The major strength of this study is the ability to associate the introduced novel measure to existing validated autonomic measures of heart rate variability indicative of autonomic function. There are, however, several limitations to our study. First, no frontal photograph was taken before the phenylephrine test, allowing for assessments of pre-existing asymmetry. A previous study investigating PFH asymmetry in primary gaze did not show an affinity to one eye over the other. Because phenylephrine was always instilled into the right eye, we assume that the evoked asymmetry is equally increased or decreased and, therefore, theoretically would cancel out. Second, the external validity or generalizability to other phenotypes of diabetes such as type 1 diabetes without severe neuropathy, early diagnosed type 1 diabetes, or even type 2 diabetes remains unclear.

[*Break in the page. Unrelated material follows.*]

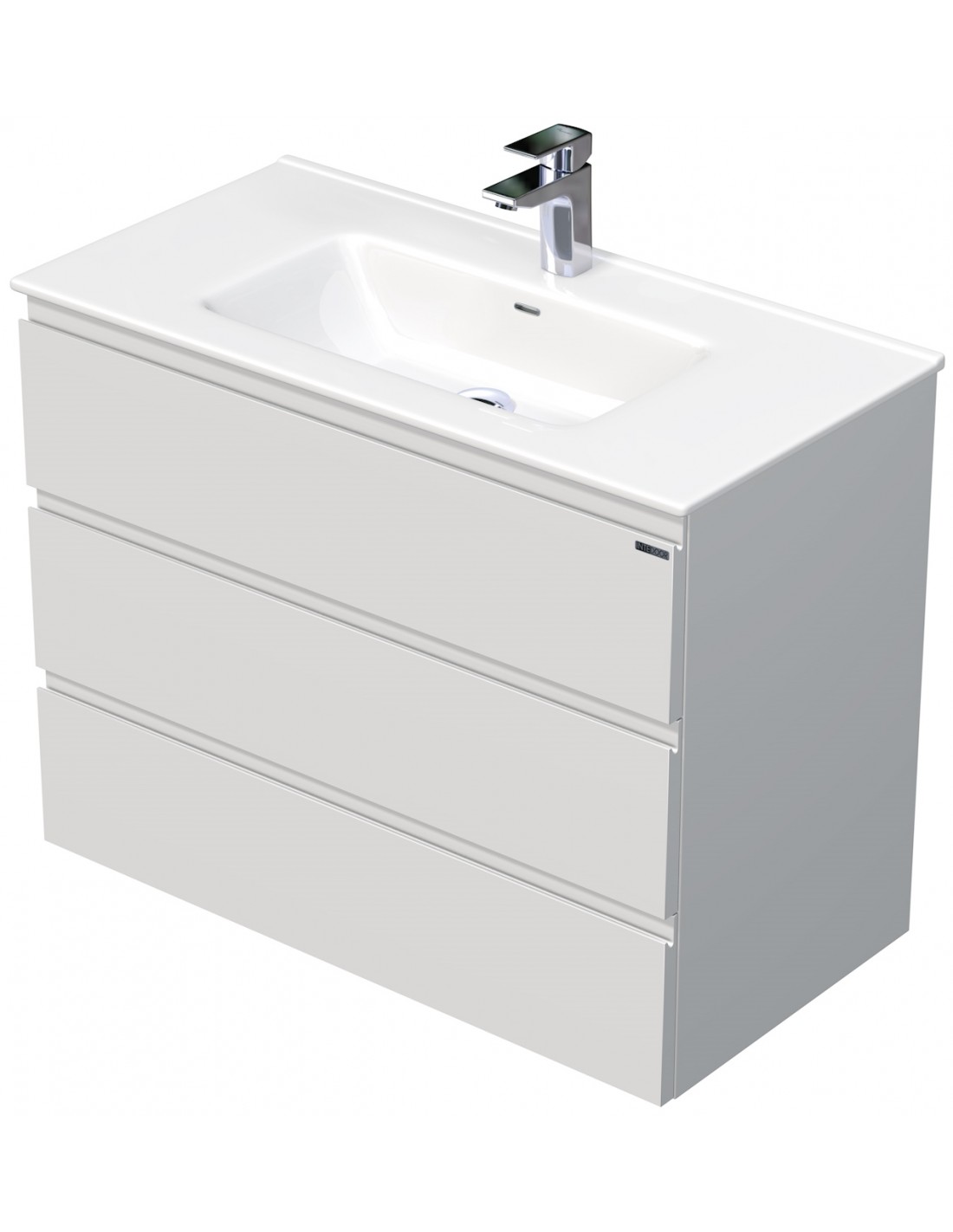 LETTY Komplet badmiljø med håndvask til bordmonteret armatur. Badmiljøet kommer med 3 skuffer med softclose og er fremstillet i MDF. Håndvasken er fremstillet i hvid keramik. Badmiljøet måler 90 / 91 cm i bredden. Det viste armatur medfølger ikke i sættet.

This finding needs further clarification. Third, longstanding and pronounced severe neuropathy in this subpopulation advocating for extensive impairment of the sympathetic nerves may be caused by the long average duration of (>32 years) of diabetes, because the disease was present before the guidelines advocating for intensive glycemic control. Consequently, our findings may not reflect future patients. Fourth, the validation of PFH against sympathetic content in heart rate variability reveals the need to investigate whether a diminished ∆PFH is associated with cardiac autonomic reflex testing used for diagnosing CAN.

Conclusions

The ∆PFH was associated with the severity of DR, disease duration, and validated heart rate variability parameters related to predominantly LF content primarily representing the sympathetic content of the sympathovagal balance in patients with type 1 diabetes and confirmed polyneuropathy. Hence, ∆PFH, a simple ambulatory measure, could potentially be a sensitive clinical indicator of autonomic dysfunction.